What is the idiomatic way to both filter items out of a list and count them in Scala

Question

I find that I often end up with a list of Options (or Eithers or Trys) and I want to count the number of Nones before I flatten the list. Is there a nice idiomatic way to do this that doesn't require I process the list multiple times?

Something like this but better:

val sprockets: List[Option[Sprockets]] = getSprockets()
println("this many sprockets failed to be parsed" + sprockets.filter(_.isEmpty).count) 
println(sprockets.flatten)

Answer 1

I would have used a fold as Daenyth suggested, for example somthing like this:

  val list = List(Some(1),None,Some(0),Some(3),None)

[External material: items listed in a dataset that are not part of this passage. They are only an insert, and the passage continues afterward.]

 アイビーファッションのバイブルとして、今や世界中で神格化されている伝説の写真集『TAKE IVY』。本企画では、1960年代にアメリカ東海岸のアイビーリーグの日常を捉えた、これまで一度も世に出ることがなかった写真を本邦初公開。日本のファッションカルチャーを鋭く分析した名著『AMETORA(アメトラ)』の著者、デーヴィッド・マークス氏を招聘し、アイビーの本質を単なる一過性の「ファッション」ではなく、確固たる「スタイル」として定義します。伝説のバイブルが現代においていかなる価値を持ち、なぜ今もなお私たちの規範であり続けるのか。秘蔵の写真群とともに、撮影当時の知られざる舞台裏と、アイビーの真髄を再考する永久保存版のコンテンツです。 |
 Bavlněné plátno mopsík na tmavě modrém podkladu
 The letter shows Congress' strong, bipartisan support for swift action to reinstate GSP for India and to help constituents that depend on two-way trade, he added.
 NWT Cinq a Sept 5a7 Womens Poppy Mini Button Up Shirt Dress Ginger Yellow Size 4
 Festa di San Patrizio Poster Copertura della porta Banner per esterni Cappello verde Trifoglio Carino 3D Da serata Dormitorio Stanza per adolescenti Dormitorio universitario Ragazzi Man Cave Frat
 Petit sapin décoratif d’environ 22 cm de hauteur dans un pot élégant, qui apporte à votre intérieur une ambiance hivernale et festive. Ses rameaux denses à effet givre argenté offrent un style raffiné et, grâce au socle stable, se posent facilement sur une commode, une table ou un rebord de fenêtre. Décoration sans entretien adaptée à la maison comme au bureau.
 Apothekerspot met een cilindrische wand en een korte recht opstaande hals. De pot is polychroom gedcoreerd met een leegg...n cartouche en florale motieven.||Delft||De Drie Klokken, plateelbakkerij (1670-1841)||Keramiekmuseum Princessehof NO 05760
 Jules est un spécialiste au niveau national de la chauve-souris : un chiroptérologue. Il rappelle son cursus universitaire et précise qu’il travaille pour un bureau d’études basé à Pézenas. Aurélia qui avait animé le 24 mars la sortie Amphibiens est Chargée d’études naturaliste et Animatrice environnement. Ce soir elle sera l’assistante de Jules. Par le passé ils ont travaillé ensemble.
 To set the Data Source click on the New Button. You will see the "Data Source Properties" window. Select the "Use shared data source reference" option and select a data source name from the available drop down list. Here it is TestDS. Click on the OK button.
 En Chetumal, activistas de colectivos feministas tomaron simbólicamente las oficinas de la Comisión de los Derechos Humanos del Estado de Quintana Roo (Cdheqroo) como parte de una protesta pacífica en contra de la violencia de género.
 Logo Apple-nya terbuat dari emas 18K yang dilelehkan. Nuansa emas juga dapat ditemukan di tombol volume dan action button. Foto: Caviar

  val (flatList,count) = list.foldLeft((List[Int](),0)){
    case ((data,count), Some(x)) => (data :+ x, count)
    case ((data,count), None) => (data, count +1)
  }

  //output
  //flatList: List[Int] = List(1, 0, 3)
  //count: Int = 2

Answer 2

Recursion maybe?

 @tailrec
 def flattenAndCountNones[A](in: Seq[Option[A]], out: Seq[A] = Queue.empty[A], n: Int = 0): (Seq[A], Int) = in match {
   case Nil => (out, n)
   case Some(x) :: tail => flattenAndCountNones(tail, out :+ x, n)
   case None :: tail => flattenAndCountNones(tail, out, n + 1) 
 }

Answer 3

Is this what you're looking for?

val foo = List(Some(3), Some(4), None:Option[Int], Some(5), Some(6))
val (concatenatedList, emptyCount) =
  foo.map(entry =>
      (entry.toList, if (entry.isEmpty) 1 else 0)
  ).fold((List[Int](), 0))((a, b) =>
      (a._1 ++ b._1, a._2 + b._2)
  )

It is one pass, but I'm not sure if it's really any more efficient than doing it in two - the extra object creation (the Tuple2s) in this case is going to offset the extra loop in the two-pass case.